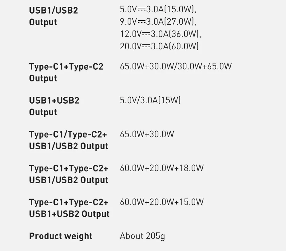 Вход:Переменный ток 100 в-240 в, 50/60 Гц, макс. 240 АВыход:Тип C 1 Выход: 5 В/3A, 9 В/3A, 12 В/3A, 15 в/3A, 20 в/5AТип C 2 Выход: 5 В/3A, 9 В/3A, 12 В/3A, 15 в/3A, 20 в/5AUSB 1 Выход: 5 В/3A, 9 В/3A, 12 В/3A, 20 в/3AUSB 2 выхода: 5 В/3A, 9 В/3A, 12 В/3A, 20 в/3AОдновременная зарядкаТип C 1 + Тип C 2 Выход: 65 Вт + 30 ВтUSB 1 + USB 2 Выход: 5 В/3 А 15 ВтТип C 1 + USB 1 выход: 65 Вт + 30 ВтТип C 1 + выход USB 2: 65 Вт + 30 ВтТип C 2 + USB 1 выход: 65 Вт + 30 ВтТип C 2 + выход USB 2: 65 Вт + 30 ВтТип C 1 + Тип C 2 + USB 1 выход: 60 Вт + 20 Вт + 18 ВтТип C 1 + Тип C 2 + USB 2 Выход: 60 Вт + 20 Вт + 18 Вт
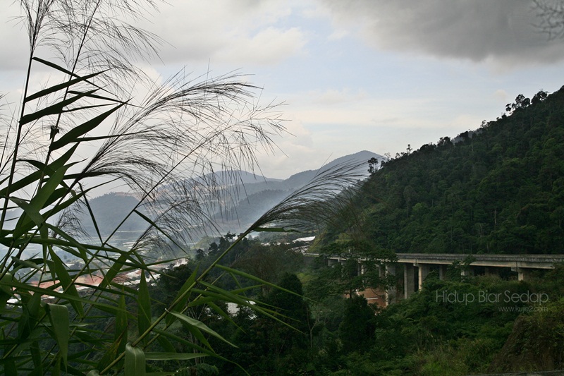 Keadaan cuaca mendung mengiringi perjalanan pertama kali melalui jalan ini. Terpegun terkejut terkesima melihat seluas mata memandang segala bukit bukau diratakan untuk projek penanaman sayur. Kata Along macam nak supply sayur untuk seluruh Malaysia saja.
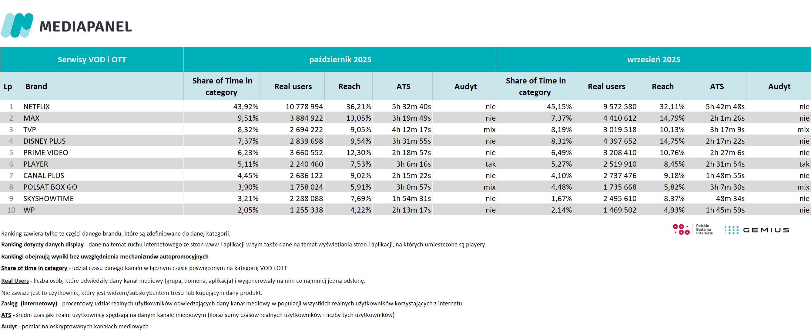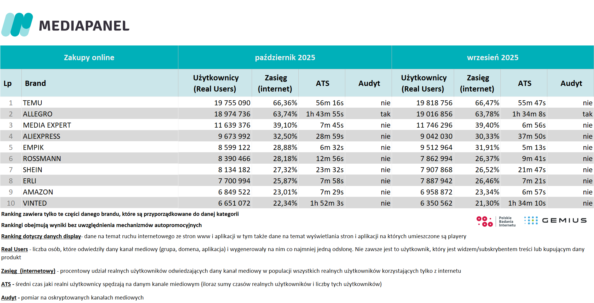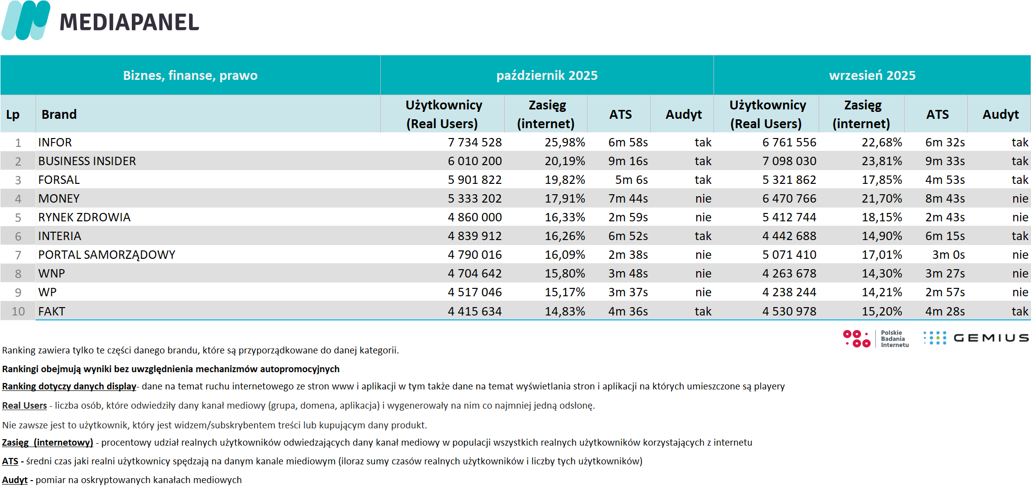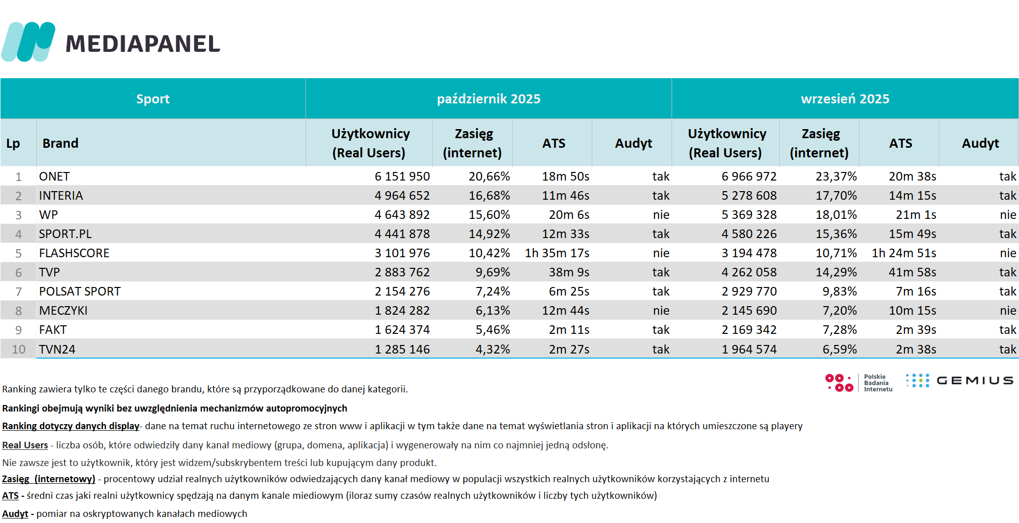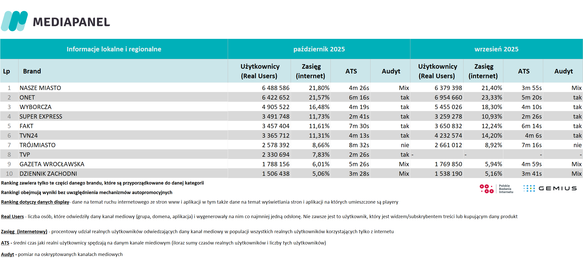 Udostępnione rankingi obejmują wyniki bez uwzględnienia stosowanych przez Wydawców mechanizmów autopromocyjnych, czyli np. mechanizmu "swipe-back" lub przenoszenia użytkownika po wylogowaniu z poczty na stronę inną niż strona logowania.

===============

**WHAT TO WORK ON**. What is needed is a word-for-word copy of the lines from the start of the data to the line with "Keadaan cuaca mendung", inclusive, with no pictures in it.

**RESULT OF THIS EXERCISE**.
 Вход:Переменный ток 100 в-240 в, 50/60 Гц, макс. 240 АВыход:Тип C 1 Выход: 5 В/3A, 9 В/3A, 12 В/3A, 15 в/3A, 20 в/5AТип C 2 Выход: 5 В/3A, 9 В/3A, 12 В/3A, 15 в/3A, 20 в/5AUSB 1 Выход: 5 В/3A, 9 В/3A, 12 В/3A, 20 в/3AUSB 2 выхода: 5 В/3A, 9 В/3A, 12 В/3A, 20 в/3AОдновременная зарядкаТип C 1 + Тип C 2 Выход: 65 Вт + 30 ВтUSB 1 + USB 2 Выход: 5 В/3 А 15 ВтТип C 1 + USB 1 выход: 65 Вт + 30 ВтТип C 1 + выход USB 2: 65 Вт + 30 ВтТип C 2 + USB 1 выход: 65 Вт + 30 ВтТип C 2 + выход USB 2: 65 Вт + 30 ВтТип C 1 + Тип C 2 + USB 1 выход: 60 Вт + 20 Вт + 18 ВтТип C 1 + Тип C 2 + USB 2 Выход: 60 Вт + 20 Вт + 18 Вт
 Keadaan cuaca mendung mengiringi perjalanan pertama kali melalui jalan ini. Terpegun terkejut terkesima melihat seluas mata memandang segala bukit bukau diratakan untuk projek penanaman sayur. Kata Along macam nak supply sayur untuk seluruh Malaysia saja.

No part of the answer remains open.